Logstash / Elasticsearch JDBC document_id与document_type？

Question

So im trying to wrap my head around the document_type vs document_id when using the JDBC importer from logstash and exporting to elasticsearch. 因此，当我使用从logstash的JDBC导入器并导出到elasticsearch时，我试图将我的头放在document_type与document_id之间。

I finally wrapped my head around indexes. 我终于把头缠在索引上了。 But lets pretend im pulling from a table of sensor data (like temp/humidity/etc...) that has sensor id's...temps/ humidity (weather related data) with time recorded. 但是，让我们假装是从传感器数据表（例如温度/湿度/等）中提取即时消息，该表中已记录了传感器ID的...温度/湿度（与天气相关的数据）。 (So it's a big table) （所以这是一张大桌子）

And I want to keep polling the database every X so often. 我想保持每隔X轮询数据库一次。
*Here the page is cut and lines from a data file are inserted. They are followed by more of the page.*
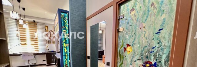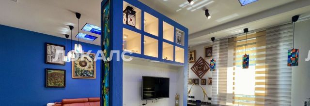 Высокие потолки увеличивают пространство, наполняя квартиру светом. Для комфортного проживания имеется двуспальный диван, эко камин, грамотно организована рабочая зона, обеденное пространство с барной стойкой, гардеробная комната, просторный санузел.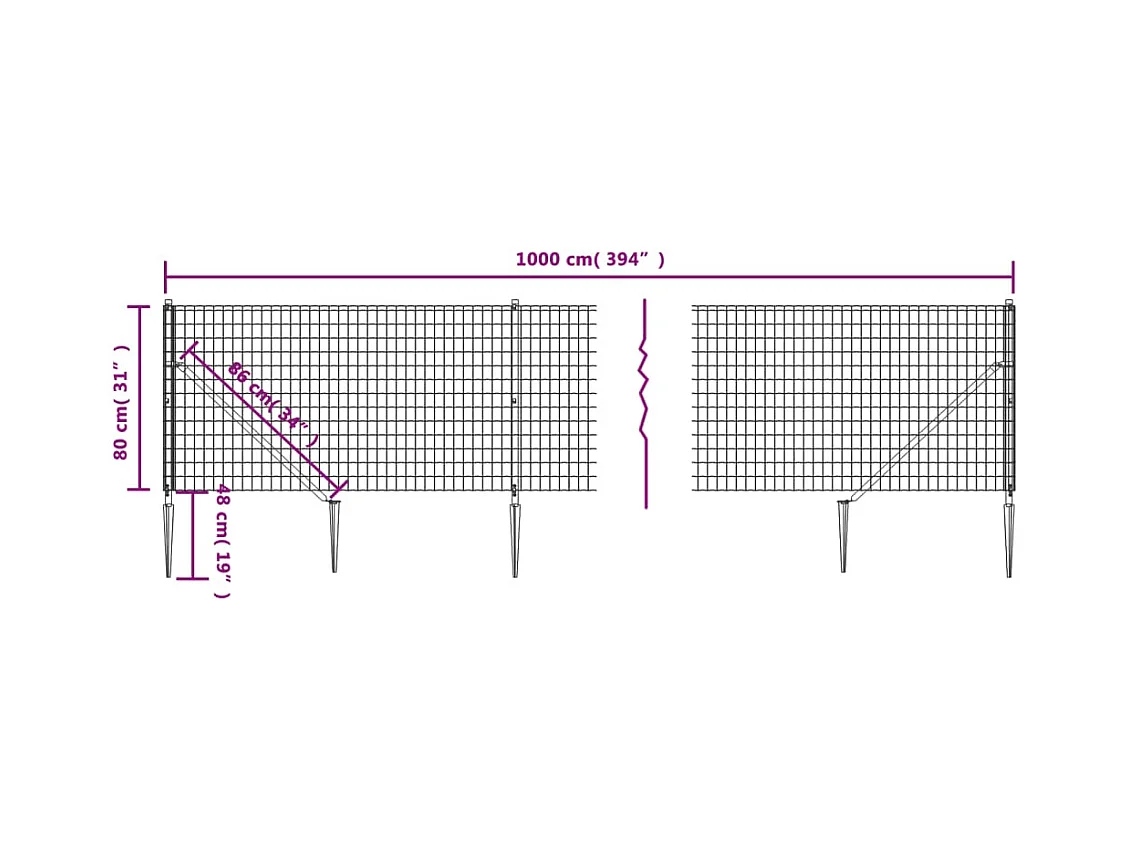 Clôture en treillis métallique et piquet d'ancrage vert 0,8x10m FR924480
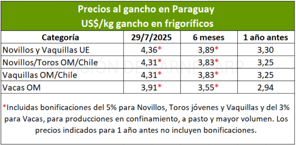 El precio del novillo paraguayo alcanzó los USD 4,31 por kilo gancho al 29 de julio, marcando una suba interanual significativa, según el informe de la Comisión de la Carne de la Asociación Rural del Paraguay (ARP). El repunte, impulsado por la mejora en la demanda externa y una oferta local limitada, también se refleja en las bonificaciones diferenciadas y en la normalización del mercado tras la presión bajista de junio.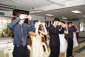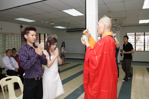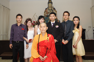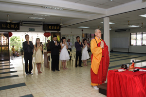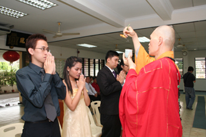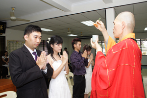 3对新人苏进雄与彭美凤、吴广胜与林旭梅、庄毓凡与苏育莹于今早在檀香寺,接受祝福,并由真如法师代表唯悟法师开示,虽简单却不失庄严的佛化婚礼祝福仪式。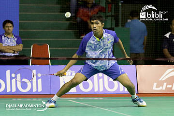 Shubham Patel (INDIA) bersiap menyambut serangan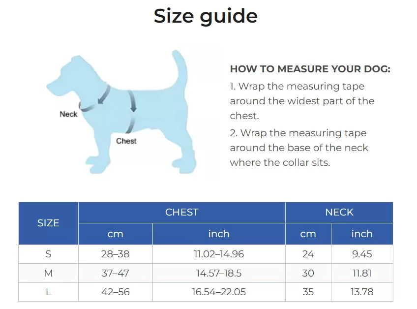 Bitte stellen Sie sicher, dass Sie Ihren Hund vor dem Kauf abmessen, um die richtige Größe zu ermitteln und die perfekte Passform zu gewährleisten.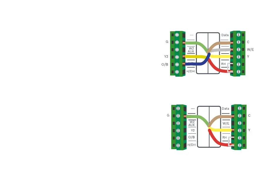 ▶ Connect the R, C, W1, Y1, Y2, O/B and G wires from the heat

What would document_type vs document_id be in this instance, this is going to be stored (or whatever you want to call it) against 1 index. 在这种情况下，document_type vs document_id将是什么，它将针对1个索引存储（或您要调用的任何名称）。

The document_type vs document_id confuses me, especially in regards to JDBC importer. document_type与document_id令我感到困惑，尤其是在JDBC导入器方面。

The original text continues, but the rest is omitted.